## To do
Print the lines below from the line with "각 지점에 대한 주소 정보를 담고 있는 샘플 데이터입니다." to the line with "The first stop" exactly, keeping both ends, and print no pictures.

## Source data

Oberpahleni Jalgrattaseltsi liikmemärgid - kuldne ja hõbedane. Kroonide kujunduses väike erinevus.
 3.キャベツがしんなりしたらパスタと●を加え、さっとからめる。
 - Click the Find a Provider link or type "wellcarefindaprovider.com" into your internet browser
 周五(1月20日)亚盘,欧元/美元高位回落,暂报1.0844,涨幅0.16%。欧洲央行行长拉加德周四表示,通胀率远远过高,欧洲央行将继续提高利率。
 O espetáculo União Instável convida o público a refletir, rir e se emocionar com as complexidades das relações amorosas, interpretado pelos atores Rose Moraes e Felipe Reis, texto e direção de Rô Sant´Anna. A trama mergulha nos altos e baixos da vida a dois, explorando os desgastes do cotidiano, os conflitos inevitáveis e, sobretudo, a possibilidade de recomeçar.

* * *

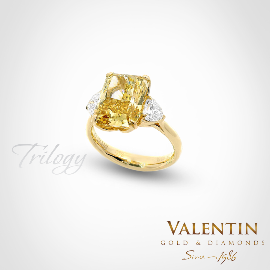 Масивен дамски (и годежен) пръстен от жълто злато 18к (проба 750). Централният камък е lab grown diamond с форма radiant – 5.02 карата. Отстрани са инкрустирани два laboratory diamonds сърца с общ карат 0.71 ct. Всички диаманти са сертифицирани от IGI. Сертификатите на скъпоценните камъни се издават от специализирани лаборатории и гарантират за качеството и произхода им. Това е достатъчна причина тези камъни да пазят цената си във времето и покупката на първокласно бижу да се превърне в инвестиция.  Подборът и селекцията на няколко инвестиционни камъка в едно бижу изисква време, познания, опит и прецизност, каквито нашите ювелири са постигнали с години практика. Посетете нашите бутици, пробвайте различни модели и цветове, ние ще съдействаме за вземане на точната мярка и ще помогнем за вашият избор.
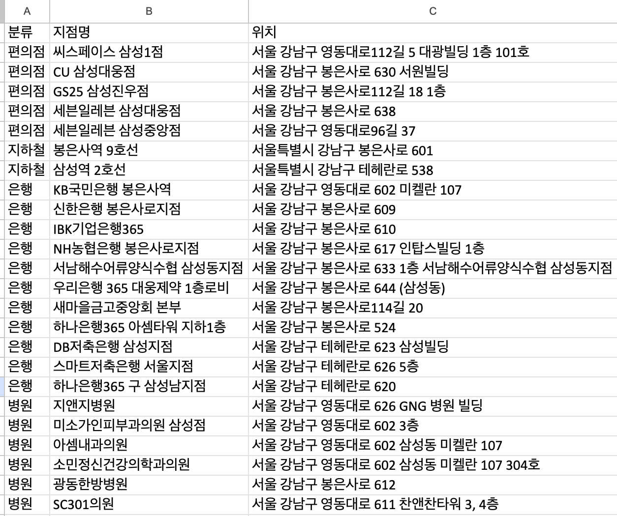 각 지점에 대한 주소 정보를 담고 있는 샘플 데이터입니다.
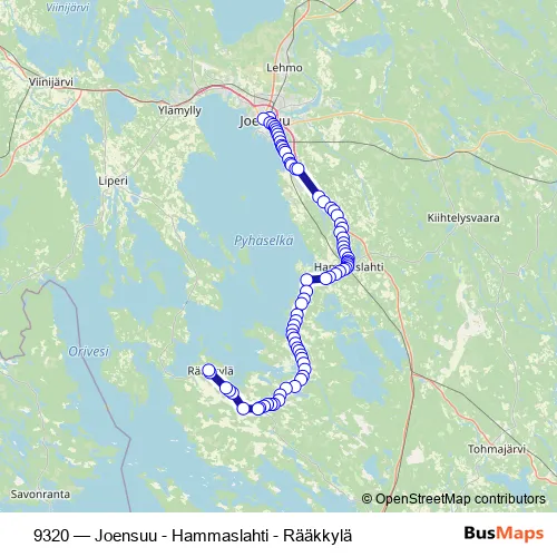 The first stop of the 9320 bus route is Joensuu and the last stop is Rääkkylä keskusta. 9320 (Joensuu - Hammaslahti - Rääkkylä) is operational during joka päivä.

## Written answer
 각 지점에 대한 주소 정보를 담고 있는 샘플 데이터입니다.
 The first stop of the 9320 bus route is Joensuu and the last stop is Rääkkylä keskusta. 9320 (Joensuu - Hammaslahti - Rääkkylä) is operational during joka päivä.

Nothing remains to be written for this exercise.